The blogosphere has been alight with discussion of ‘rising inequality’ (yes, scare quotes!) in the US and elsewhere.
What legitimizes the debate, to me, is the strong possibility that changes in income are capturing less and less of the social benefit of innovation.
I’ve linked to Tyler Cowen’s essay and kindle single before, but I don’t think I’ve gone in any depth.
Society underwent some ridiculous changes between, say, 1900 (horse & buggy, no refrigeration, little electricity) and 1960 (cars, airplanes, antibiotics, microwaves, mechanized farming).
Since the 60s? Computers and the Internet. Apparently, median incomes mimicked the earlier transformations and subsequent quiet.
Moreover, the Internet economy is about employing a few very highly skilled folks and very cheap scaling (free things?!). But its impact on our lives is immense. Measurements of income growth miss this.
That’s Tyler’s story.
Here’s another thing calculations of income growth misses: psychological health.
Dan Carlin’s got this podcast that poses the question: “what were the parents of history like?” The answer (I’ll paraphrase): there may not be a single parent in history that wouldn’t, today, be put in jail for child abuse.
Infanticide, emotional abuse, physical abuse and sexual abuse… all common. And damaged kids some day become damaged adults who then, in turn, damage kids of their own. Nasty stuff.
Compare this to things people worry about today. Now, some of this is the ‘Kids These Days!’ phenomenon, of course, but I wonder how ancient parents would be able to condemn such acts as well as take their kids out to watch the local executions.

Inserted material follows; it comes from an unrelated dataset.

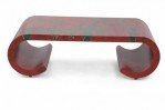 Chinese Red and Green Bamboo Motif Scroll Cocktail / Coffee Table

I watched a documentary recently (it was up for an oscar!) that followed an Iraq vet who suffered from PTSD. Man, that does not look like fun. And might not the vast majority of historical societies suffer from similar conditions?
Anyway, the incidence of such psychological trauma has surely abated, if only because there are fewer wars screwing up entire generations at a time. Why are we becoming nicer?
In a Russ Roberts podcast, George Will considers one aspect of this phenomenon (civil rights) and credits our fortune for MLK being born.
I have little doubt that we’re probably the most psychologically healthy humans to ever have lived, but who knows why?